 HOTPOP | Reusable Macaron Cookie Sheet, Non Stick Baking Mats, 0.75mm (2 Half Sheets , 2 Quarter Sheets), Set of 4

********

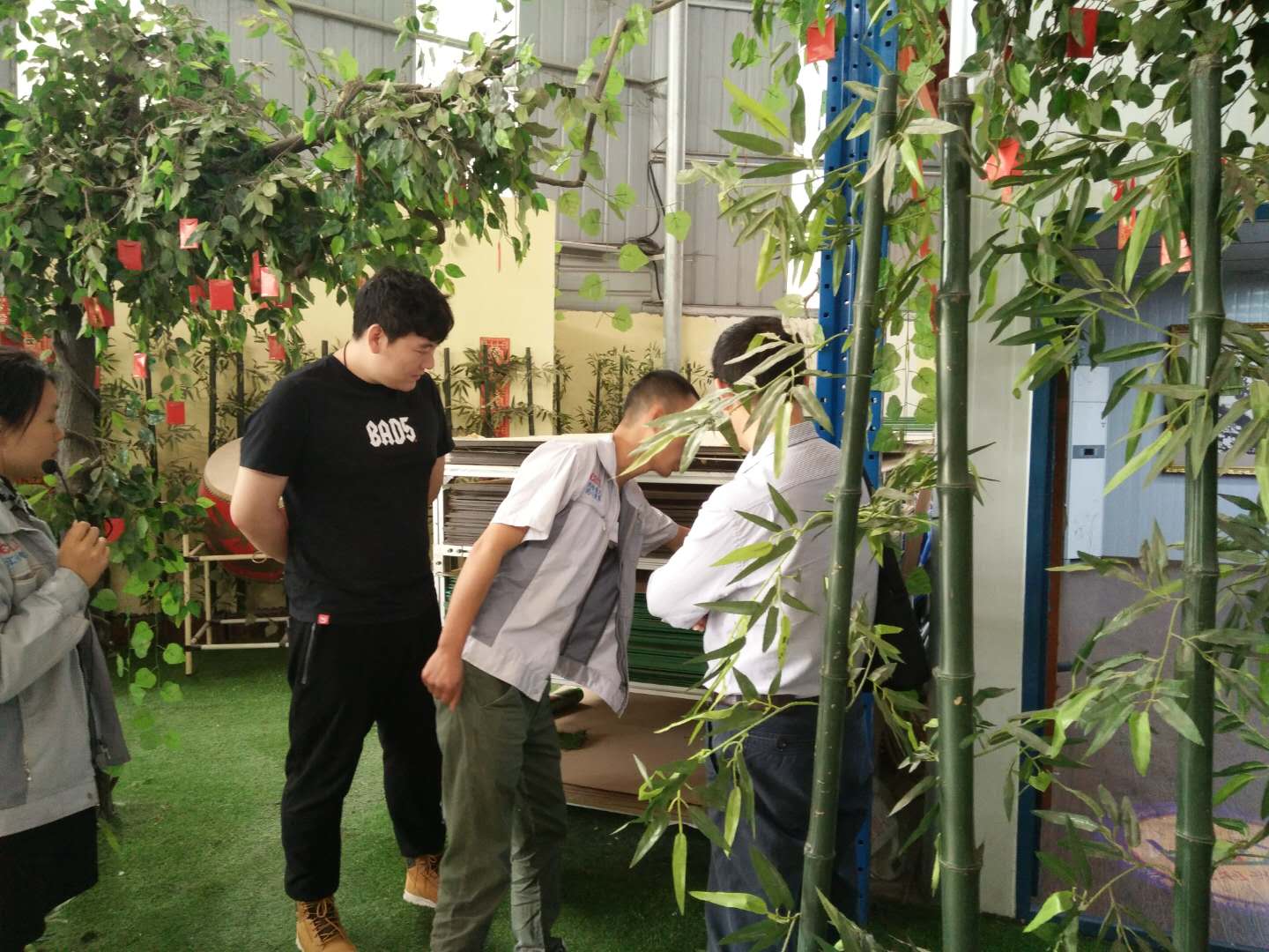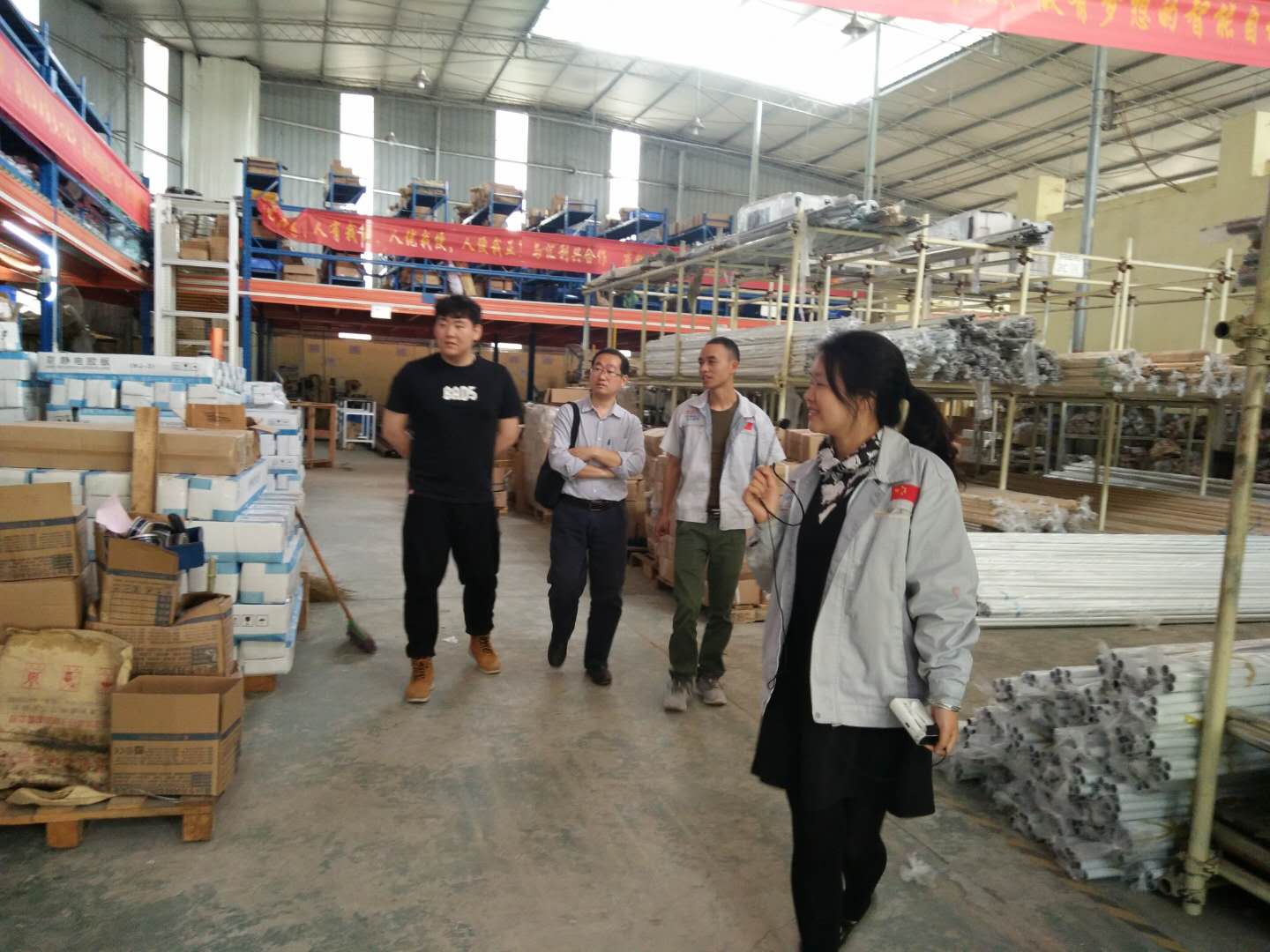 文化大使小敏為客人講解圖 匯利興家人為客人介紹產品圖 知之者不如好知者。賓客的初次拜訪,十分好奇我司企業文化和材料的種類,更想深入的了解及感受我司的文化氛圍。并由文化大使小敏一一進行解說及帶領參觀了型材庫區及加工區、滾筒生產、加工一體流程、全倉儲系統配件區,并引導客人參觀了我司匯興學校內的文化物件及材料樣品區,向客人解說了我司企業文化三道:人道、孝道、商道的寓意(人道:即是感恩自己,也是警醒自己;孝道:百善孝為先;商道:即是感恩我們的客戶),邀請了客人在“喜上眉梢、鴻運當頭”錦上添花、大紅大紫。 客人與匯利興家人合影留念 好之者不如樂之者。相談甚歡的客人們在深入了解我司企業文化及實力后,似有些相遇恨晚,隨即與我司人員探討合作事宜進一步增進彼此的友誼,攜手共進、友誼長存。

********

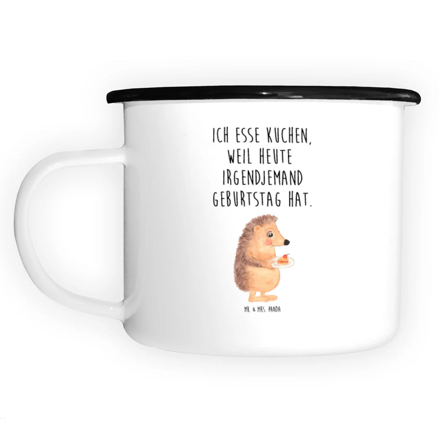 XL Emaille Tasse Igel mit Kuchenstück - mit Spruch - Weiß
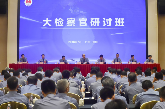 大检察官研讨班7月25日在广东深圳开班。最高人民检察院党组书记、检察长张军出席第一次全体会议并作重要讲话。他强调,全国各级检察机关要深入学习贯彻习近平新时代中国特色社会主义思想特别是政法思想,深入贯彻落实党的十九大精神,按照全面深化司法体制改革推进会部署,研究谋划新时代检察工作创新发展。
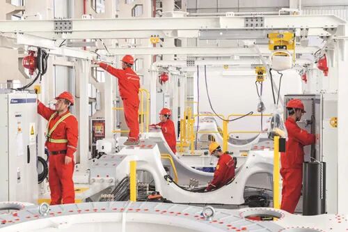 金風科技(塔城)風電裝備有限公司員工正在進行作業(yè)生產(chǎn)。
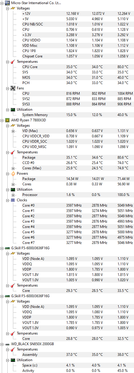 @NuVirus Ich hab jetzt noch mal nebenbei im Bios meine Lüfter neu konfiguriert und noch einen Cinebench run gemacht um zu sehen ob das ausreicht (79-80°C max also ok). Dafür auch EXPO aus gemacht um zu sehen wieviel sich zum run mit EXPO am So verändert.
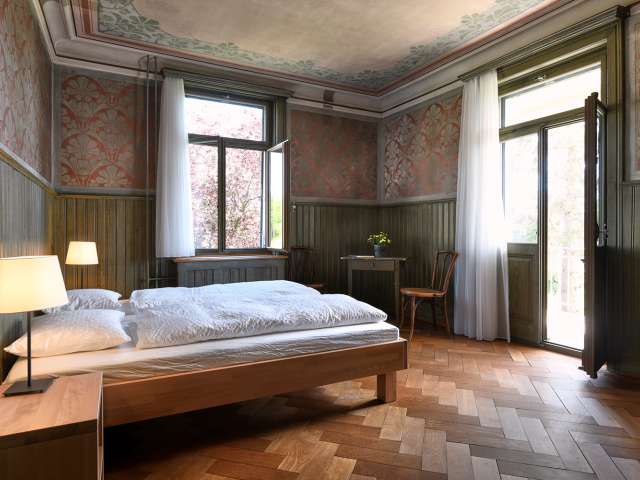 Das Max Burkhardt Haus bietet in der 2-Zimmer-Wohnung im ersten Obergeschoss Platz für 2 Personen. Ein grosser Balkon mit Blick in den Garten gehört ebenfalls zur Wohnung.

********

§ **Exercise description**: Given the listing above, retype only the span of lines from the line with "大检察官研讨班7月25日在广" up to and including the line with "金風科技(塔城)風電裝備有限公司員工正在進行作業(yè)生產(chǎn)。", exactly as it stands and without pictures.

§ **Solution for this exercise**:
 大检察官研讨班7月25日在广东深圳开班。最高人民检察院党组书记、检察长张军出席第一次全体会议并作重要讲话。他强调,全国各级检察机关要深入学习贯彻习近平新时代中国特色社会主义思想特别是政法思想,深入贯彻落实党的十九大精神,按照全面深化司法体制改革推进会部署,研究谋划新时代检察工作创新发展。
 金風科技(塔城)風電裝備有限公司員工正在進行作業(yè)生產(chǎn)。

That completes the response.